The show was not a happy experience as, in the intervening time since the pilot, the show's producer (and Wood's mentor) Peter Eckersley had died of cancer. It was a terrible blow to Wood who said "he had lots of ideas for the series…but he never told me what they were. His value to me was inestimable. He had a marvellous eye for what was unnecessary and great attention to detail. He had liked the first material for the series but never saw any of the other stuff." Wood was not impressed by his replacement for the series, Brian Armstrong, and was of the opinion that he had hired several unsuitable actors.

The studio audience was generally filled with pensioners who often had difficulty understanding Wood's refined humour. Before one sketch, the warm up man had to explain to them what a boutique was. Wood said she heard one disgusted audience member say to her friend: "You realise we’re missing Brideshead for this".

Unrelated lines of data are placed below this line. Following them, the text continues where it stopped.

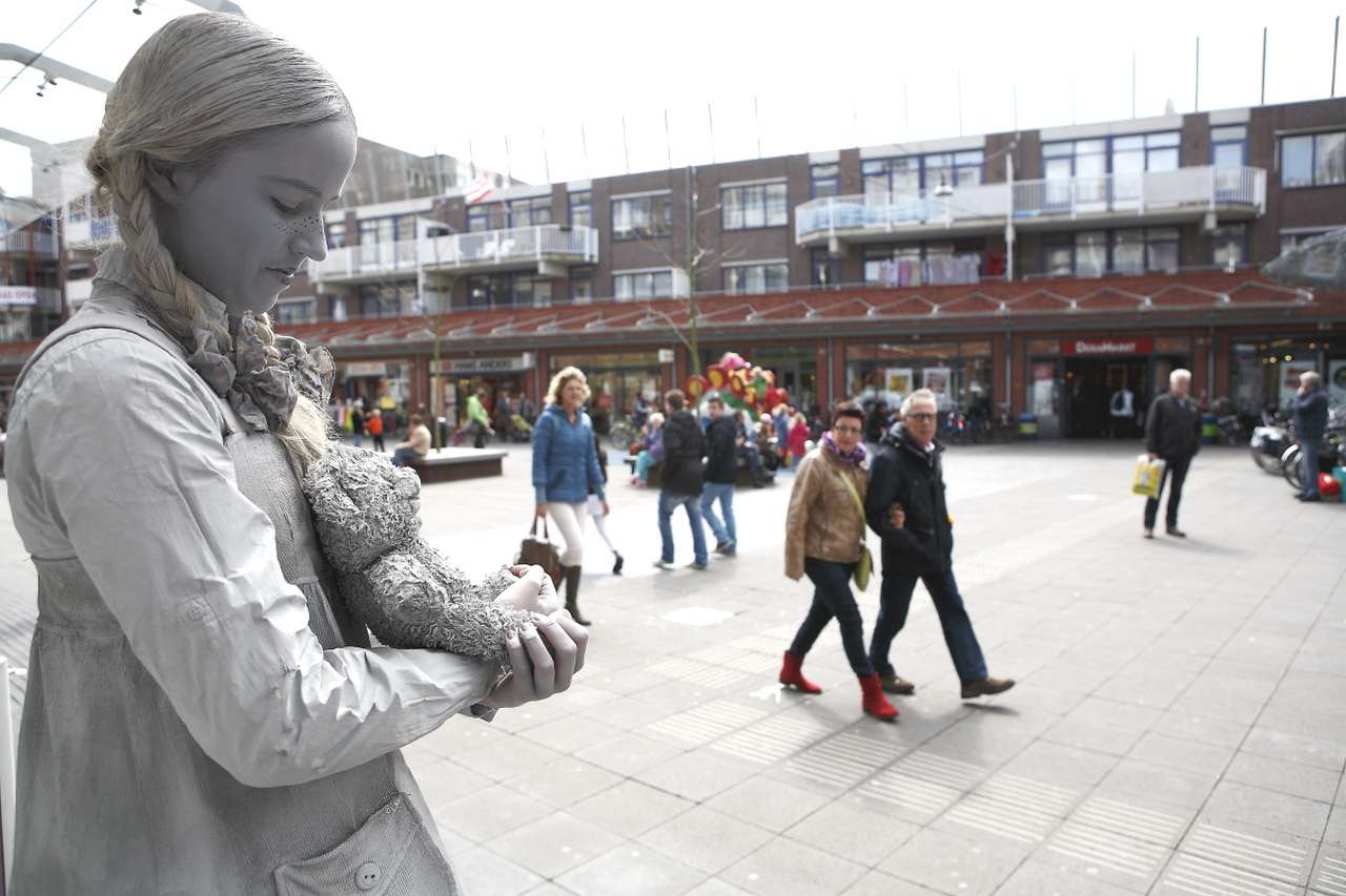 Alkmaar, 27 april 2013. Bezoekers van Winkelcentrum De Mare werden zaterdagmiddag regelmatig door rondlopende acteurs op het verkeerde been gezet en vroegen zich dan af: ‘is deze nou echt of niet?’. De acteurs waren aanwezig als onderdeel van de hoofdact: de Living Statues Contest'. Geïnspireerd door de levende standbeelden in'La Rambla', Barcelona's belangrijkste winkelstraat, was er een wedstrijd georganiseerd. Deelnemers konden een wisselbeker winnen en maakten kans op cadeaubonnen. Maar naast de living statues was er ook straattheater en vertoonden acteurs van dansstudio Dentro hun hiphop-kunsten. Zelfs het publiek maakte kans op een prijs door te stemmen op de beste acteur. Alkmaar centraal fotograaf Marco Schilpp had een makkie aan de statues, zo'n mooi stilstaand en toch levend onderwerp komt hij maar zelden tegen...
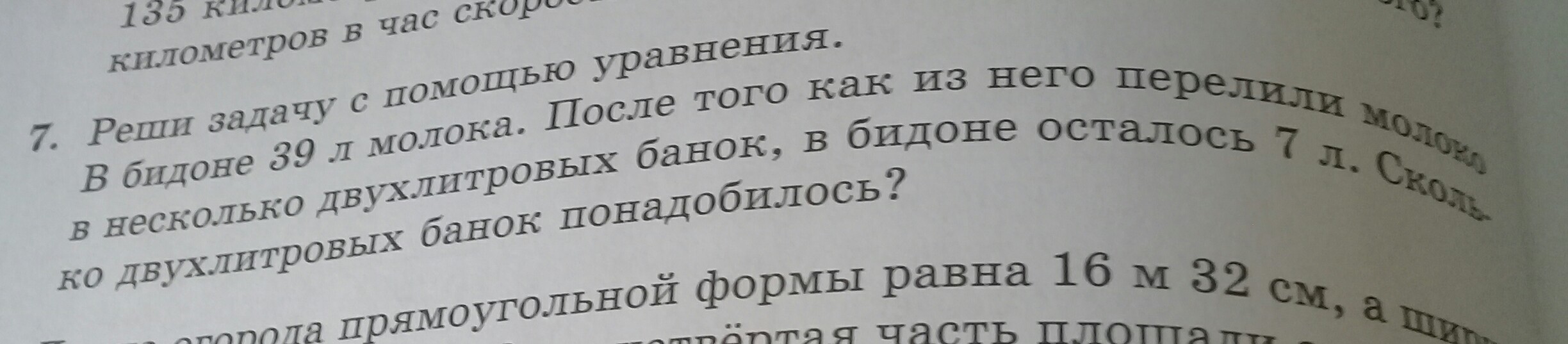 Пусть х - количество двухлитровых банок, тогда х * 2 + 7 = 39, тогда:
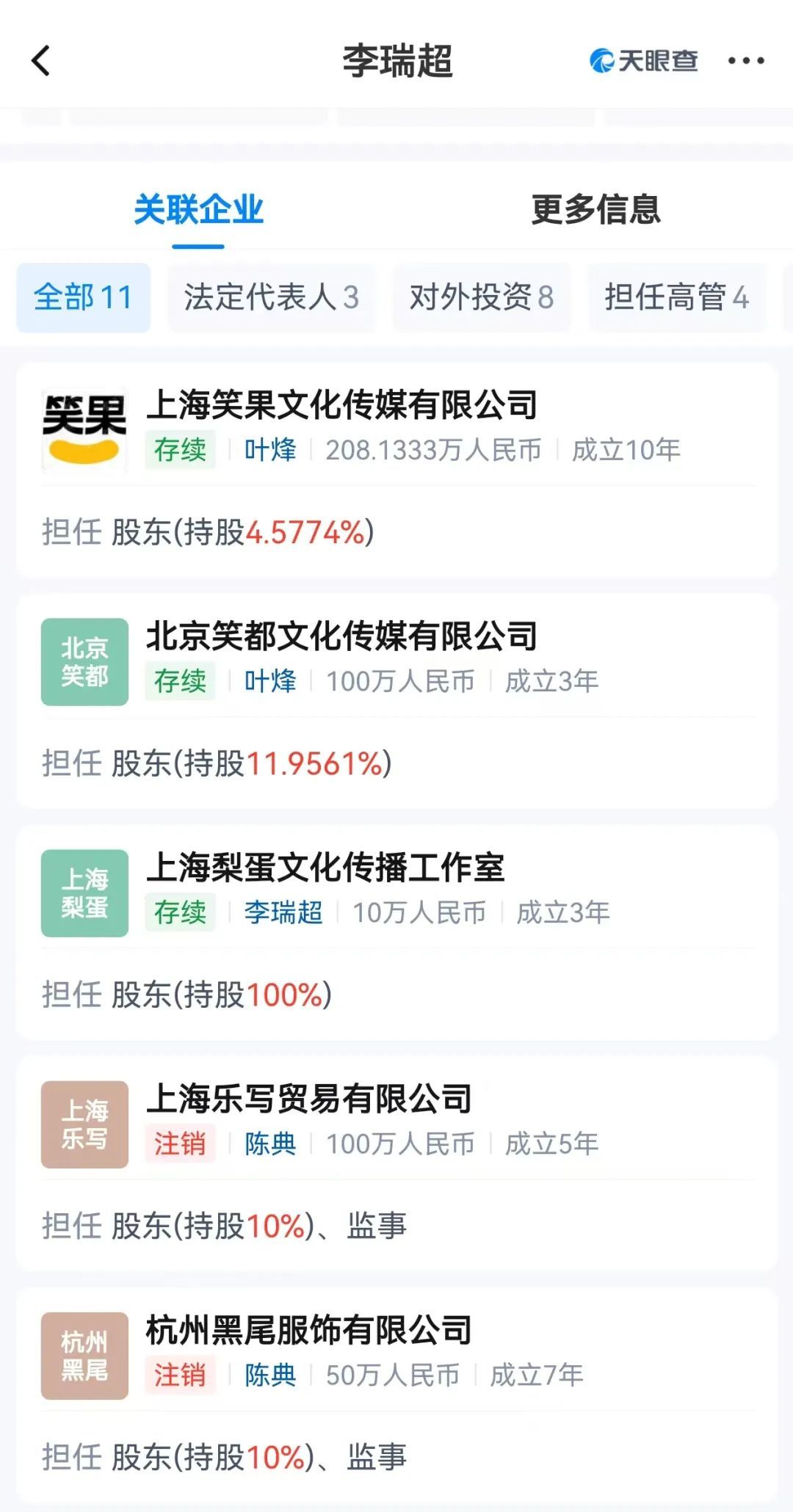 天眼查显示,截至目前,李诞(李瑞超)名下关联11家企业,仅剩3家为存续状态。其中,今年2月,上海梨蛋文化传播工作室,经营范围新增:个人互联网直播服务、互联网销售、数字内容制作服务等。
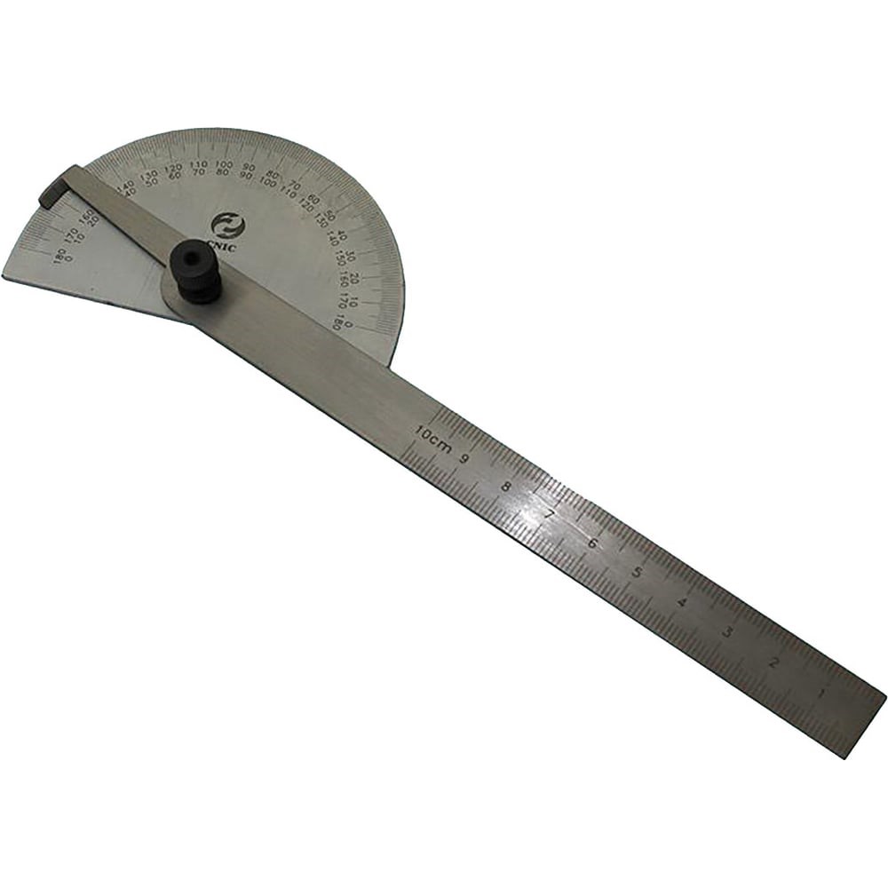 Угломер-транспортир с нониусом CNIC d 85, линейка L150 2808-023 47562 предназначен для измерения и построения углов при проведении разметочных работ на плоских поверхностях, а также для контрольных замеров углов плоских деталей и заготовок. Область применения – слесарные, разметочные и ремонтные работы. Цена деления шкалы транспортира составляет 1°. Пределы измерения углов: наружных и внутренних от 10° до 170°. Средняя наработка на отказ угломера должна быть не менее 20000 условных измерений.
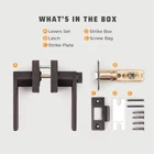 EASY INSTALLATION: Install your leverset in a flash. All you need is a door and a tool set! No need for professional door fitters, you can do it yourself! PRIVACY FUNCTION: The door lever can be locked inside and opened outside in emergency WITHOUT keys. Use it for your guest rooms, bedrooms, bathrooms, interior locking doors and other privacy needs; Material: Zinc Alloy; Finished Color: Oil Rubbed Bronze. ONE SIZE FITS MOST: This Bronze door lever fits 1-3/8" to 1-3/4" doors; Reversible for both left handed and right handed doors. (Notice: The latch plate is unremovable.) HEAVY DUTY: The solid zinc alloy and brass, smooth finish, polished appearance and substantial, easy-to-grasp lever will subtly elevate and enhance commercial areas or residences alike. CLASSIC DESIGN: It's not just a door lever — it's a statement piece. These gorgeous levers with no protruding flanges, screws or rough edges ensures completely safe and easy operation, are sure to add a touch of sophistication to your home.
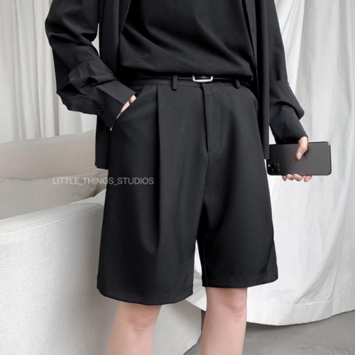 現貨 打褶西裝短褲 西裝褲 西裝短褲 五分褲 短褲 素面 百搭 黑色 男短褲
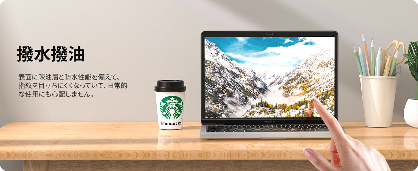 - 【指紋防止】表面にあるアンチグレア及び撥油コーティングによって、指紋が付きにくくなる上、付いたところで、あっさりと拭きとれます。
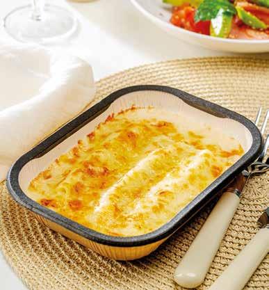 Canelons de carn rostida gratinada en format individual: la nova recepta de canelons de carn rostida incorpora un gratinat d’emmental i mozzarella que aporta cremositat i un daurat durador.

Sketches for Wood and Walters included
- The Woman With 740 Children , in which Wood played a woman who overdosed on a fertility drug. Much to her surprise, Granada hired 70 babies to appear in the sketch.
- ‘Girl Talking’ was an expert parody of social realist documentaries, and
- ‘Northerners’ was a song parodying stereotypes of the North of England.

A regular character on the show was Dotty. The items entitled "Dotty's Slot" featured Walters as Dotty, who performed a witty monologue by a middle-class housewife discussing all matters national and trivial, such as in the sketch ‘Dotty on Women’s Lib’ . As a character, she shares many similarities with a later Wood creation 'Kitty' (as played by Patricia Routledge).

Rik Mayall also appeared in a one-off monologue as a chauvinistic feminist called Mitch, filling a similar guest slot as he had with Kevin Turvey in the sketch show A Kick Up the Eighties. Another alternative comedy innovator to appear on the show was John Dowie, who had already toured with Wood in 1978.

Wood's view of the series was "Some bits of it were good, some deadly".

Around this time, Wood made a weekly musical appearance in the BBC Radio 2 show The Little and Large Party, narrated an Arts Council film on the pantomime dame, and was profiled in the schools programme Scene. Walters would also appear with Michael Angelis in 1982 as his wife in Alan Bleasdale's Boys from the Blackstuff.

Wood and Walters place in British comedy history can be seen as that of a dry run for the more popular and acclaimed Victoria Wood: As Seen on TV which aired on BBC television between 1985 and 1987, which shared some of the same elements such as pseudo-documentaries, songs, sketches, as well as co-starring Walters and Preston.

Although consisting of seven episodes, the seventh in the series was a compilation of sketches and songs pulled from the earlier six parts and the pilot.

==Home media==
The series was released on DVD by Network on 18 October 2010. The release included all seven episodes and the original "Two Creatures Great and Small" pilot episode on a single disc.